Whether you want to or not, you are, and will be… the survivor. The one who will carry the stories forward until they can be shared fully with a new generation. You will be needed by others who will benefit from your wisdom, humor, insights borne of long experience. The fates have determined that your place is here…in this world…where you are still needed.

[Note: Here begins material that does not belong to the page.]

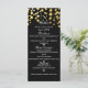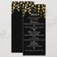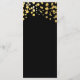 Tarjeta de menú de glamour moderno con puntos de confeti negros y dorados

The journey along side the dying of a loved one is dark and painful. But it also has its moments to be cherished. The fleeting glimpse of a smile, a flash of humor, the small gestures that show you are still connected to this loved one. You have been chosen for the honor of being beside them on this journey to the end of this life. You, however, will stay behind, their partner only until the gates of passage open to the other side. Until death do you part.

It sucks. It hurts so badly, the pain is physical, palpable. Breath… breath… You are still alive. And they will always be with you, and waiting on the other side to greet you when your turn comes, naturally, when the fates determine it to be so. In the meantime, treasure each moment with your loved one as a gift. Soon enough, there will be only memories that you will hold onto tightly, then share with others when the right time comes.